Nadie ha sabido valerse mejor de las fuerzas unidas del estudio y del genio, de la claridad de juicio necesaria para no verse embarazado entre tal cúmulo de materiales, ni de imaginación más a propósito para disponerlos y combinarlos. Era además incomparable su acierto en sacar recursos de la naturaleza, de la historia, de las fábulas antiguas y de las ciencias modernas, siempre que por alguno de estos medios podía ilustrar o embellecer sus pensamientos, que a su mucho caudal de erudición añadía los tesoros del estudio y la prodigalidad con que los ostentaba su fantasía.

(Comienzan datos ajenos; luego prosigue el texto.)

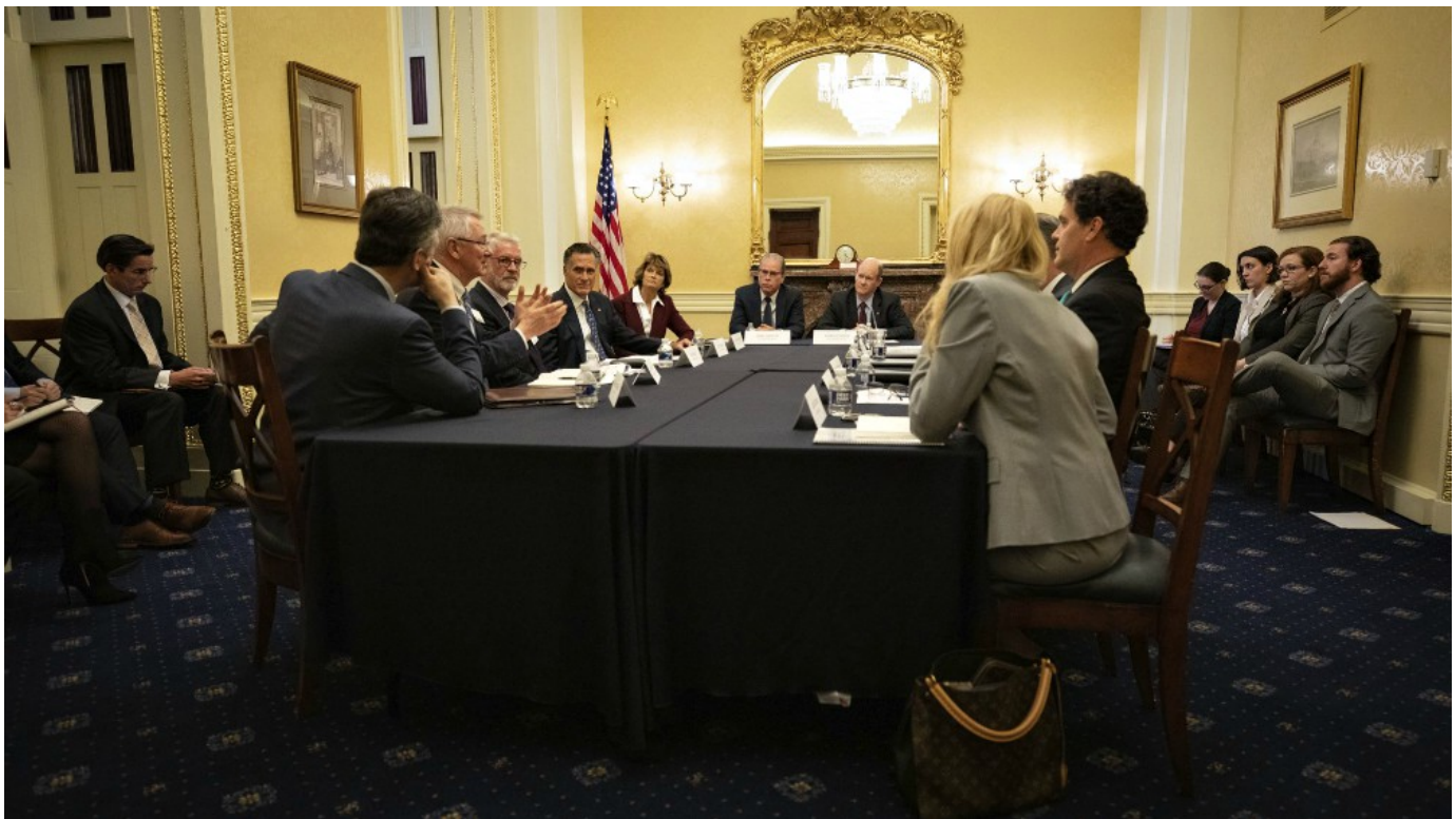
The Senate Climate Solutions Caucus meets in November 2019.

The Senate Climate Solutions Caucus formed in 2019, following the creation of a similar caucus in the House of Representatives three years earlier. The Senate version counts 14 of the 100 senators as members.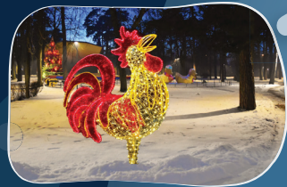
7. CHILDREN'S TOWN Chinese zodiac signs and Christmas tree full of stars.

Por esto ha dicho alguno de sus admiradores, empleando una hipérbole extravagante, que en el Paraíso perdido tenemos un libro de ciencia universal. Y sin embargo, no es esto cierto: no hay medio de suplir a lo que de suyo es insuficiente, y siempre hallaremos un vacío en la falta de interés humano. El Paraíso perdido es uno de esos libros que asombran al lector, pero que una vez cerrados, no suelen volverse a abrir. Se cree uno obligado a conocerlo, mas no halla deleite en él; leemos a Milton para instruirnos; le cerramos fatigados y como rendidos, y volvemos la vista a otra parte para distraernos; nos alejamos del maestro, y vamos en busca de nuestros amigos.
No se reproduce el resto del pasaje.